* Recorded data *

__________

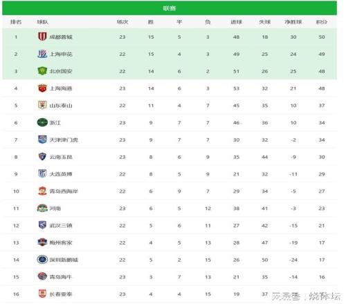 中超積分榜:成都蓉城大勝暫時(shí)領(lǐng)跑,云南玉昆絕平亞泰穩(wěn)住前十
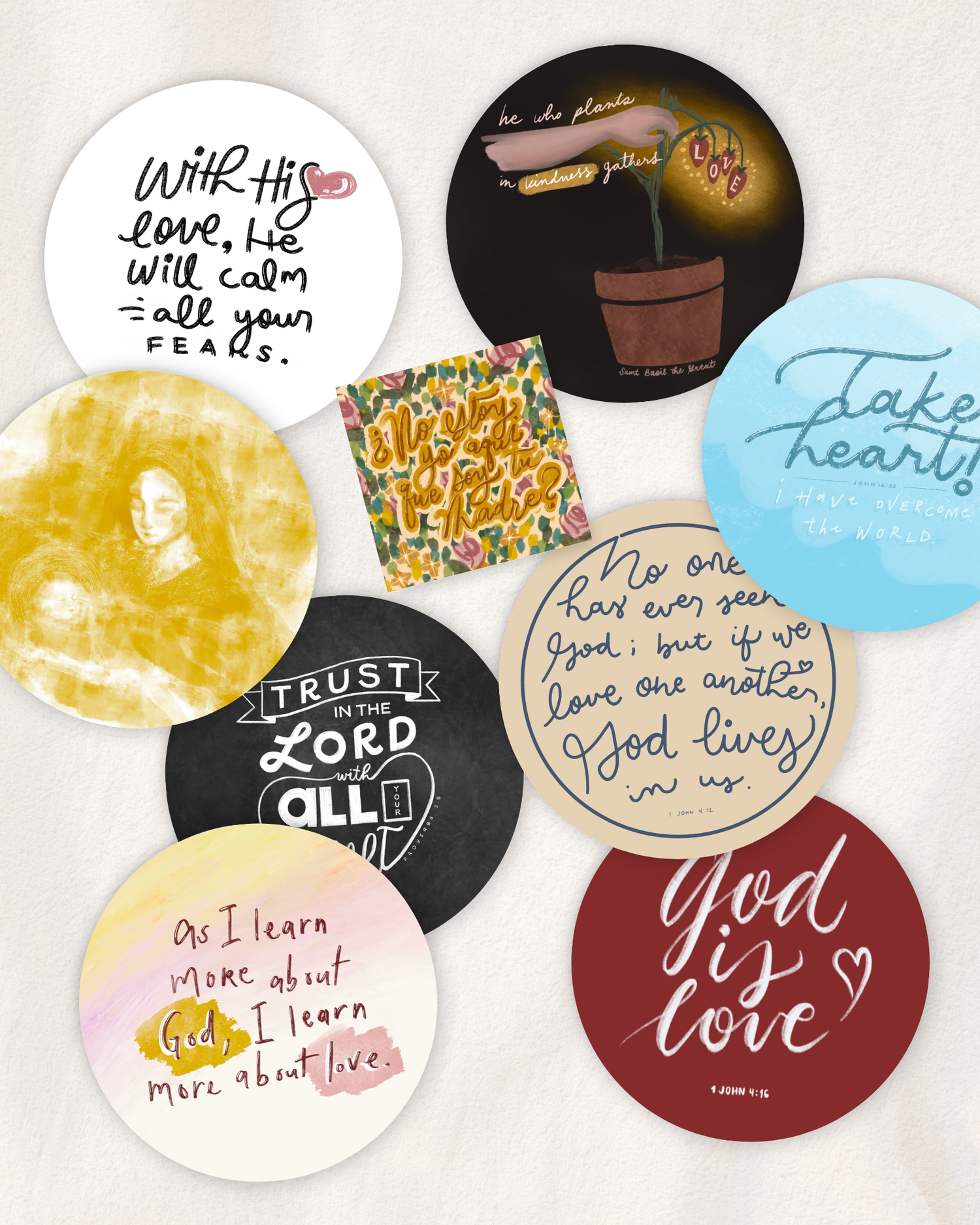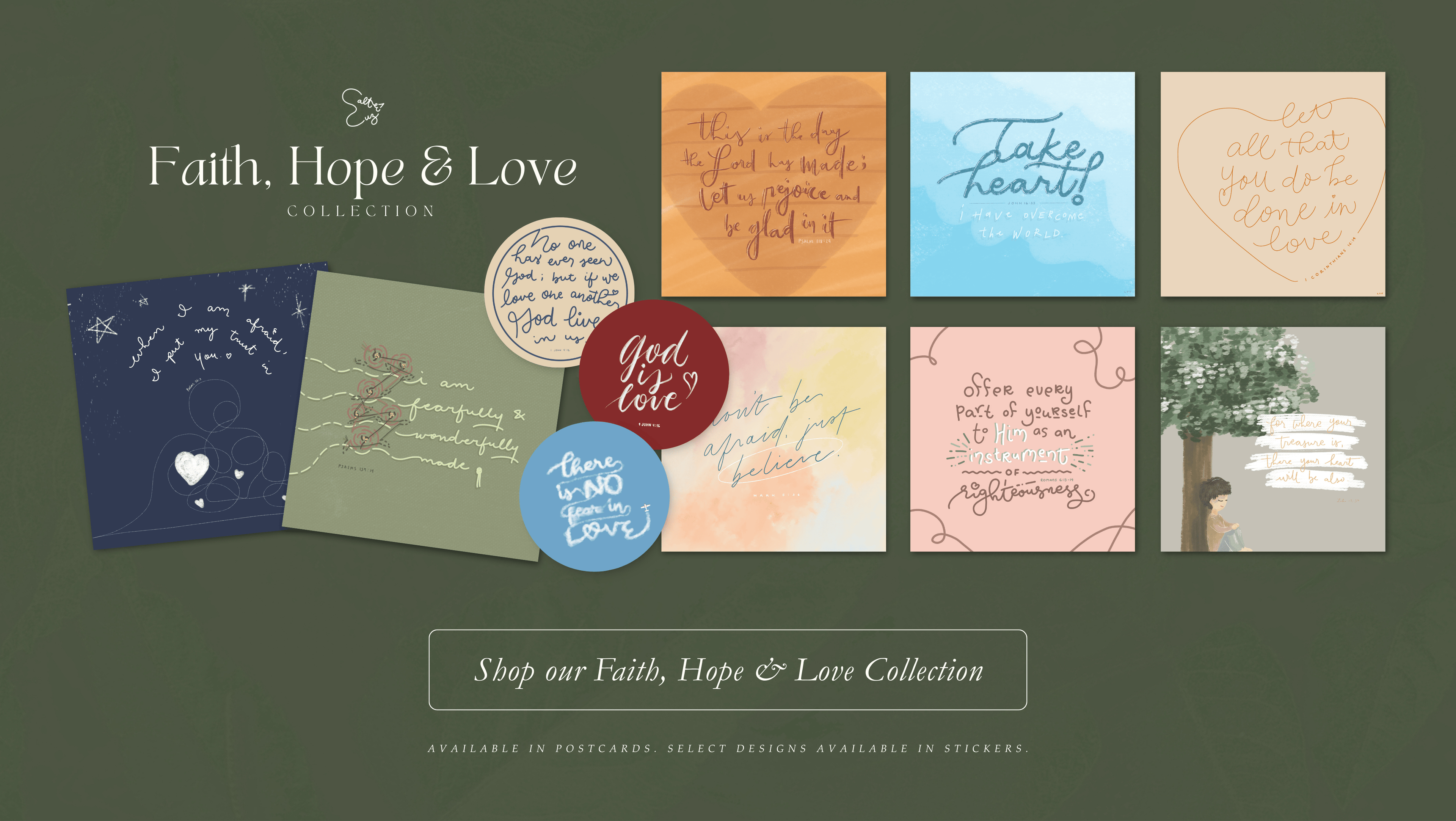 Explore our Faith, Hope & Love Collection available for purchase as a postcard set and available in stickers, sold separately.
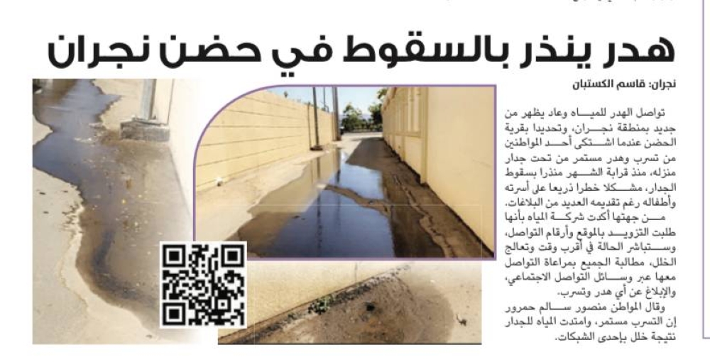 تجاوبت شركة المياه فرع منطقة نجران مع ما نشرته «الوطن» في عددها الصادر الثلاثاء 22 نوفمبر 2022 بعنوان «هدر ينذر بالسقوط» وقامت بإرسال فرقة صيانة للموقع لمعالجة الخلل وإصلاحه وإيقاف الهدر والتسرب الذي كان ينذر بسقوط جدار أحد منازل المواطنين الذي اشتكى من التسرب لأكثر من شهر، حيث قامت فرق الصيانة بالحفر واكتشاف الخلل ومعالجة الأمر وفي وقت سريع.

__________

* What the task requires *
While leaving pictures out, reproduce exactly the lines from the beginning of the listing above through the line containing "Explore our Faith, Hope", both ends included.

* Answer box *
 中超積分榜:成都蓉城大勝暫時(shí)領(lǐng)跑,云南玉昆絕平亞泰穩(wěn)住前十
 Explore our Faith, Hope & Love Collection available for purchase as a postcard set and available in stickers, sold separately.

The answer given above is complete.